Americans are expressing more optimism about their personal financial prospects, but big majorities remain dissatisfied over wage growth and the cost of living, the latest Allstate/National Journal Heartland Monitor Poll has found.
Across a range of measures, the survey found that the robust job gains of recent months and record highs in the stock market have not fundamentally lifted the cloud of economic anxiety that has lingered over the public since the Great Recession. Despite some improvement, opinions about the economy's current state—both overall and on specific measures like the job situation and wage growth—remain more negative than positive, the poll found.

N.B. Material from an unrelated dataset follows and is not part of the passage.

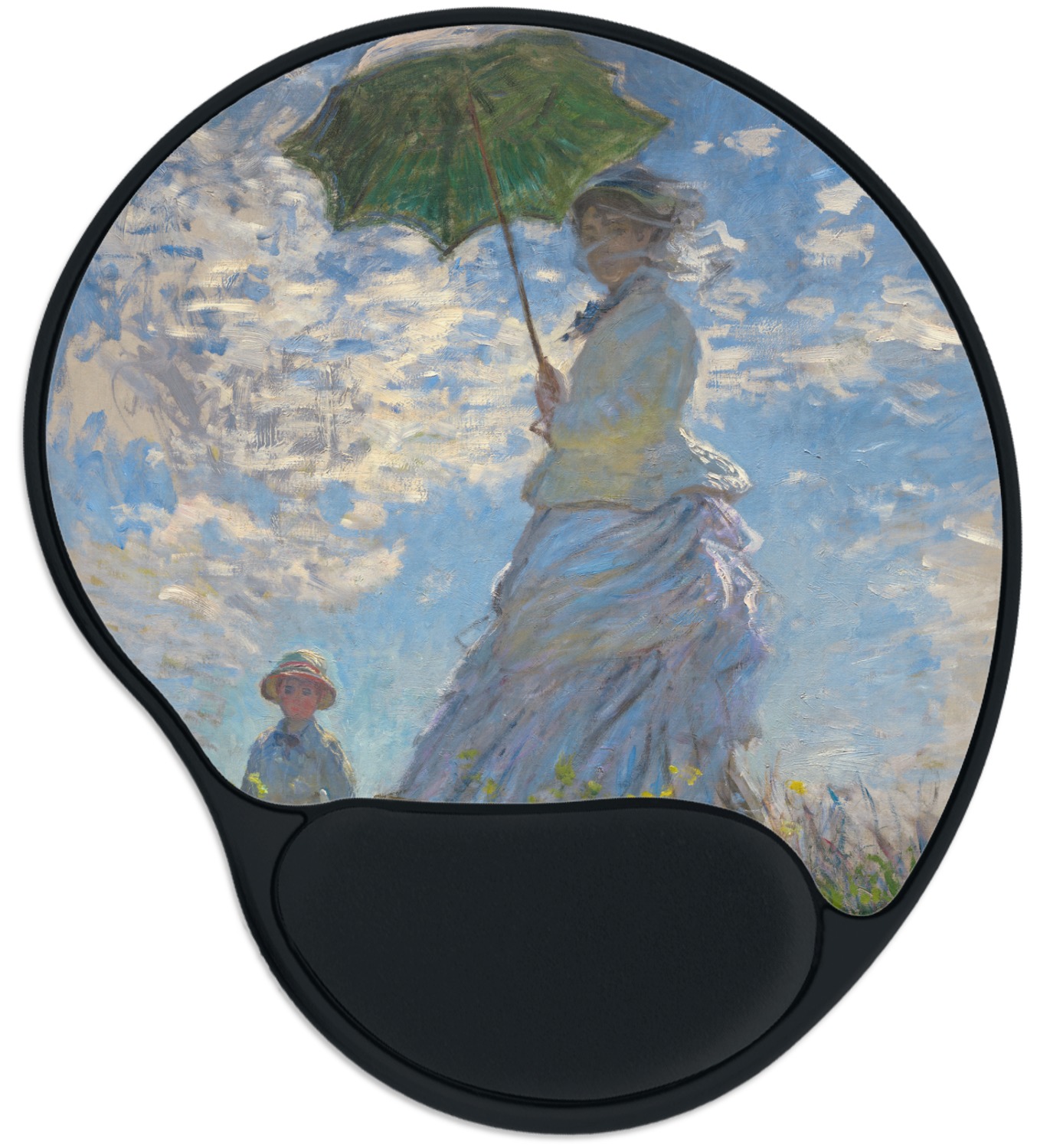 Woman With A Parasol or La Promenade depicts Monet's wife and their son. Although Monet's most obvious strength in his paintings was landscapes, it is quite evident in this painting of his family that he was quite talented at portraying the human figure as well. This painting was intended to be a more candid moment rather than a traditional portrait. In fact, Monet most likely painted this scene in one sitting, maybe even in only a few hours. Monet is quite successful in capturing this typical moment with his family.

But the survey found that a growing share of Americans believe the clouds may part in the coming months: Forty-four percent of those polled expect their financial situation to improve over the next year. That's the most optimism expressed on that question since June 2013. Moreover, the improvement has been concentrated among groups that have consistently expressed the most skepticism about President Obama, including white men with a college degree, and white men and women without one. "[The economy] seems to be going in the right direction now, so I expect it to keep getting better," says Mindy Bentley, a Republican stay-at-home mother in Winchester, Kentucky, who responded to the poll.
On many measures, the poll found some indications of expanding optimism, but mostly evidence of how deeply entrenched economic anxiety remains nearly six years after economists officially declared the end to the Great Recession in June 2009.